Но тогда меня больше всего заинтересовало движение. Раз дрозд взлетел, значит, я тоже могу взлететь! Я даже сделал какое-то бессознательное усилие и только тут ощутил собственную тяжесть. Неприятное, сковывающее, я бы сказал, отвратительное чувство. Но я не стал отчаиваться и сделал новую попытку. На этот раз мне удалось шевельнуть головой, правда, чуть-чуть. И я увидел такое, что все прочее вылетело у меня из головы. Рядом со мной сидел человек, точнее, женщина. Помню, что в первую минуту я испугался. И неудивительно, все животные пугаются человека, – и дрозды, и даже морские свинки. Но так было всего какое-то мгновение. Испуг очень быстро перешел в удивление, а удивление – в некое жадное, неутолимое любопытство. Женщина была молода и одета в белый халат, который так и сиял белизной. В ней же самой, кажется, не было ничего, что могло бы произвести какое-нибудь особое впечатление: светлые, почти пепельные волосы; неопределенные черты лица – или такими они показались моим еще не привыкшим к свету глазам; нежный рот, такой свежий и нетронутый, будто он. только что появился на свет; ярко-голубые глаза с неописуемым выражением, которого я тогда не мог разгадать. Не знаю, была ли она красива, но исходившее из ее глаз голубовато-белое сияние было сильнее и прекраснее любого света. Потом она внезапно встала и вышла из комнаты.
Итак, я не дрозд, я человек. Я стремительно, с неумолимой быстротой возвращался к самому себе. Метаморфоза состояла в том, что ко мне неожиданно пришли слова. Я начал думать. Я – человек. Это – больница. Черт знает, как я сюда попал, да это и неважно пока. В палате стоит еще одна кровать, но моя ближе к окну. Судя по тому, как аккуратно заправлена вторая кровать, она не занята. Вот и хорошо, что не занята, мне вовсе не хочется видеть людей.

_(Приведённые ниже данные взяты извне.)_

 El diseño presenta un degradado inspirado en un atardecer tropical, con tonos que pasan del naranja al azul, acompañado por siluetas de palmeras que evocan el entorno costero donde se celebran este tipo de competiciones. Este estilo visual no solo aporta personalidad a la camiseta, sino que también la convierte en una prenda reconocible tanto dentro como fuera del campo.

После превращения в человека мне стало как-то не по себе. Я всеми силами хотел снова слиться с могучим деревом, которое сообщало мне такое глубокое чувство вечности и полноты жизни. Я посмотрел на него, но впечатление было уже другое, оно оказалось обыкновенным, человеческим. Дерево как дерево, наверное, дуб, хотя и вправду могучий. Меня что-то угнетало, мне чего-то хотелось. Ну, конечно, как все просто: я голоден. Я голоден, кровать жесткая, что-то сдавливает мне голову. Я невольно ощупал ее – так и есть, вся голова плотно забинтована до самой шеи. Очевидно, я здорово где-то влип. Вечность насовсем улетела от меня, уже появилось навязчивое ощущение форм и расстояний, предметы обрисовывались все яснее. Если оценить то мое состояние с позиций сегодняшнего дня, я могу сделать только один вывод: прийти в себя, обрести сознание, снова почувствовать себя человеком – никакое не преимущество, даже простой радости это не приносит.

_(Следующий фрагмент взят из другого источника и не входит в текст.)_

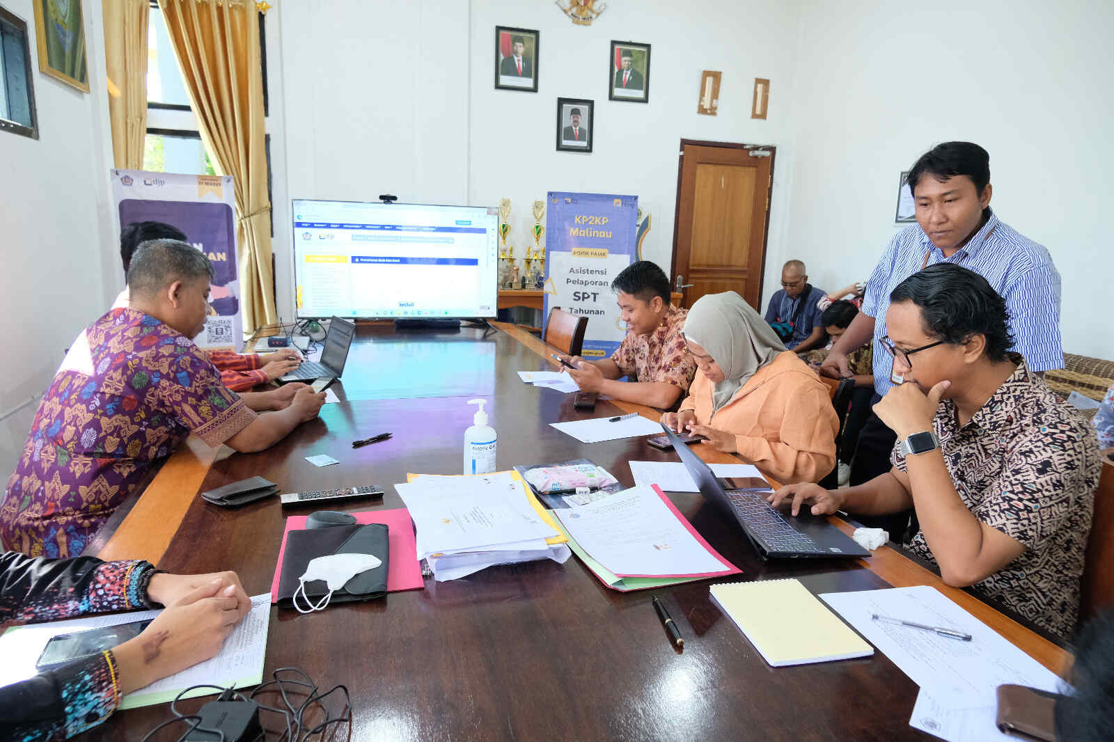 Kantor Pelayanan, Penyuluhan, dan Konsultasi Perpajakan (KP2KP) Malinau melakukan kegiatan asistensi pelaporan Surat Pemberitahuan (SPT) Tahunan melalui e-Filing sekaligus melakukan kegiatan pemadanan NIK-NPWP di Badan Pertanahan Nasional (BPN) Kabupaten Malinau (Kamis, 30/3).

Так, в расплывчатых, отрывочных размышлениях прошло минут десять. Потом дверь открылась и в палату вошел человек. Не говоря ни слова, он сел на табуретку, на которой недавно сидела девушка с голубыми глазами. Мы молчали и смотрели друг на друга; наверное, оба глядели испытующе. На человеке тоже был белый халат, но на врача он никак не походил. В сущности, это был смешной человек. Простоватое и угловатое лицо, необыкновенно длинная шея; кадык порос жесткими блестящими волосами, и я никак не мог оторвать от него взгляд, что было невежливо. Но он вряд ли это заметил.
– Как вы себя чувствуете? – спросил человек.
– Да ничего, – ответил я. И, пожалуй, сказал правду.
– Что-нибудь болит?
– Нет, ничего не болит… – Потом я спохватился, – где-то сзади чешется… зудит.
Я даже машинально потянулся рукой туда, где чесалось. Его умные и добрые глаза улыбнулись.
– Это хорошо, что у вас зудит затылок, – сказал он. – Я ваш врач, Топалов… Кирилл Топалов… А вы знаете, как вас зовут?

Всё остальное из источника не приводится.